RLModule APIs#

Note

Ray 2.40 uses RLlib’s new API stack by default. The Ray team has mostly completed transitioning algorithms, example scripts, and documentation to the new code base.

If you’re still using the old API stack, see New API stack migration guide for details on how to migrate.

RLModule specifications and configurations#

Single RLModuleSpec#

RLModuleSpec

Utility spec class to make constructing RLModules (in single-agent case) easier.

RLModuleSpec.build

Builds the RLModule from this spec.

MultiRLModuleSpec#

MultiRLModuleSpec

A utility spec class to make it constructing MultiRLModules easier.

MultiRLModuleSpec.build

Builds either the MultiRLModule or a (single) sub-RLModule under module_id.

DefaultModelConfig#

DefaultModelConfig

Dataclass to configure all default RLlib RLModules.

RLModule API#

Construction and setup#

RLModule

Base class for RLlib modules.

RLModule.observation_space

RLModule.action_space

RLModule.inference_only

RLModule.model_config

RLModule.setup

Sets up the components of the module.

RLModule.as_multi_rl_module

Returns a multi-agent wrapper around this module.

Forward methods#

Use the following three forward methods when you use RLModule from inside other classes and components. However, do NOT override them and leave them as-is in your custom subclasses. For defining your own forward behavior, override the private methods _forward (generic forward behavior for all phases) or, for more granularity, use _forward_exploration, _forward_inference, and _forward_train.

forward_exploration

DO NOT OVERRIDE! Forward-pass during exploration, called from the sampler.

forward_inference

DO NOT OVERRIDE! Forward-pass during evaluation, called from the sampler.

forward_train

DO NOT OVERRIDE! Forward-pass during training called from the learner.

Override these private methods to define your custom model’s forward behavior. - _forward: generic forward behavior for all phases - _forward_exploration: for training sample collection - _forward_inference: for production deployments, greedy acting - _forward_train`: for computing loss function inputs

_forward

Generic forward pass method, used in all phases of training and evaluation.

_forward_exploration

Forward-pass used for action computation with exploration behavior.

_forward_inference

Forward-pass used for action computation without exploration behavior.

_forward_train

Forward-pass used before the loss computation (training).

Saving and Loading#

save_to_path

Saves the state of the implementing class (or state) to path.

restore_from_path

Restores the state of the implementing class from the given path.

from_checkpoint

Creates a new Checkpointable instance from the given location and returns it.

get_state

Returns the state dict of the module.

set_state

Sets the implementing class' state to the given state dict.

MultiRLModule API#

Constructor#

MultiRLModule

Base class for an RLModule that contains n sub-RLModules.

MultiRLModule.setup

Sets up the underlying, individual RLModules.

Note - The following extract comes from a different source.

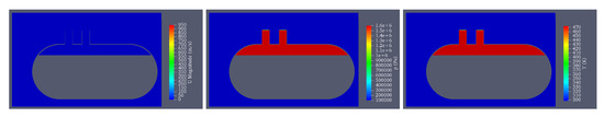 The physical parameters of the case are divided into two parts. First, in the space inside the PRT, only the gas chamber is considered. The velocity is only 1 m/s in the z direction, the pressure is 1.6 MPa, and the temperature is 473 K (199.85 °C). Second, in the outer space of the PRT, the velocity is 0 m/s, the pressure is 0.1 MPa, and the temperature is 298 K (24.85 °C). Figure 4 shows the distribution of velocity, pressure, and temperature in the initial state.
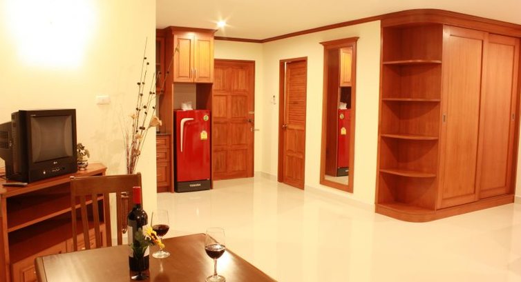 Отдыхали в январе 2016 г с попутчицей из другого города(как выяснилось позже с землячкой). Прилетели 8.01.2016,ооочень долго проторчали в аэропорту Паттайи(длинный поток очереди на паспортном контроле). До отеля доехали часа за полтора,время было где-то три часа дня,нас быстро поселили. Сперва попали в номер 309 с одной большой кроватью,объяснили персоналу что мы не в паре,и нам дали номер 409 с двумя раздельными кроватями. Это третий этаж. Номер хороший просторный,чистый аккуратный,с маленькой кухней в коридоре(кухонные тумбочки,холодильник,раковина - очень удобно если ванна занята,то есть где умыть руки и почистить зубы). Ванная комната также чистая аккуратная - раковина с длинным столиком,унитаз и огромная душевая кабина. В номере также телек,прикроватные тумбочки,шкаф-купе,внутри которого спрятан сейф. Ценные вещи хранили как в сейфе,так и ныкали по потаённым местам - ничего не пропадало. Так же огромный балкон со столиком и стульями. Насёкомых у нас никаких не было,ибо в номере мы не кушали,и если была какая то еда,то хранили в холодильнике. Фрукты ели на первом этаже,ножи и тарелки там предоставляют без проблем. Также вечерами пили чай,кипяток просите-наливают. На обедах и ужинах сэкономили - набрали из дома мюсли,чай,печеньки к чаю. Брали в маркете "севен елевен" йогурт,потом в отеле брали тарелки,заливали мюсли йогуртом,заваривали чай,пакетиками чая также угощал работников отеля. Но периодически обедали или ужинали в кафешках на улочке рядом с отелем. Остатки чая,мюсли и печенек вручил двум парням-работникам отеля,чему они очень обрадовались.

MultiRLModule.as_multi_rl_module

Returns self in order to match RLModule.as_multi_rl_module() behavior.

Modifying the underlying RLModules#

add_module

Adds a module at run time to the multi-agent module.

remove_module

Removes a module at runtime from the multi-agent module.

Saving and restoring#

save_to_path

Saves the state of the implementing class (or state) to path.

restore_from_path

Restores the state of the implementing class from the given path.

from_checkpoint

Creates a new Checkpointable instance from the given location and returns it.

get_state

Returns the state dict of the module.

set_state

Sets the state of the multi-agent module.